Imagine Publishing
- Type: Private limited
- Industry: Magazine publishing
- Founded: 14 May 2005; 21 years ago
- Defunct: October 21, 2016
- Fate: Acquired by Future plc
- Successor: Future plc
- Headquarters: Bournemouth, England, UK
- Area served: United Kingdom
- Key people: Damian Butt (Managing Director) Steve Boyd (Finance Director) Aaron Asadi (Publishing Director) Marco Peroni (UK Finance Director) Jane Hawkins (Production Director) Cathy Blackman (Head of International Licensing) Darren Pearce (Circulation Director)
- Website: imagine-publishing.co.uk

= Imagine Publishing =

British magazine publisher

Imagine Publishing was a UK-based magazine publisher, which published a number of video games, computing, creative and lifestyle magazines. The company was acquired by Future plc on 21 October 2016.

== History ==
It was founded on 14 May 2005 with private funds by Damian Butt, Steven Boyd and Mark Kendrick, all were former directors of Paragon Publishing, and launched with a core set of six gaming and creative computing titles in the first 6 months of trading.

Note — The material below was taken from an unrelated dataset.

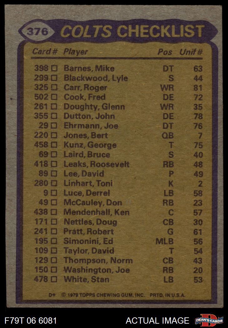 1979 Topps #376 - Joe Washington / Roger Carr / Norm Thompson / John Dutton Colts Team Leaders & Checklist 3 - VG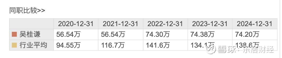 东方财富数据显示,2020年至2024年,吴桂谦薪酬分别为56.54万元、56.54万元、74.30万元、74.38万元、74.20万元。

In October 2005, it had acquired the only retro games magazine Retro Gamer, after its original publisher, Live Publishing went bankrupt. Early in 2006, it further acquired the rights to publish a considerable number of titles including gamesTM, Play, PowerStation, X360, Digital Photographer and iCreate, from the old Paragon Publishing stable of magazines when owner Highbury House Communications went into liquidation, following Future Publishing's withdrawal of its offer to buy the company, due to threats of a monopoly-investigation by the United Kingdom Competition Commission.

In May 2006, Imagine launched its first bookazines, initially focusing on technology content for Photoshop and Mac. This portfolio would become one of Imagine's core strengths, with worldwide distribution, notably in the US and Australia.

In 2007 Imagine launched SciFiNow, the Official Corel Painter Magazine, HD Review and Total PC Gaming.

Total 911 was acquired from 9 Publishing in 2008, and was purchased to demonstrate that Imagine's efficient publishing model could be applied to any market, not just technology.

2009 saw the company's most significant and successful new magazine launch - How It Works, which quickly became Imagine's flagship title and paved the way for the creation of a whole knowledge division. How It Works was the brainchild of CD Mark Kendrick, whose love of 70s Ladybird books spawned a desire to create a lavishly illustrated, simple-to-understand new educational magazine for families.

Linux User & Developer was acquired in 2009. 3D Artist was launched into the niche CGI magazine market. Imagine's main videogames website NowGamer.com went live in 2009 also.

In partnership with PixelMags, Imagine became the second publisher to migrate its entire portfolio as digital editions on the iPad/iPhone for the US launch in March 2010.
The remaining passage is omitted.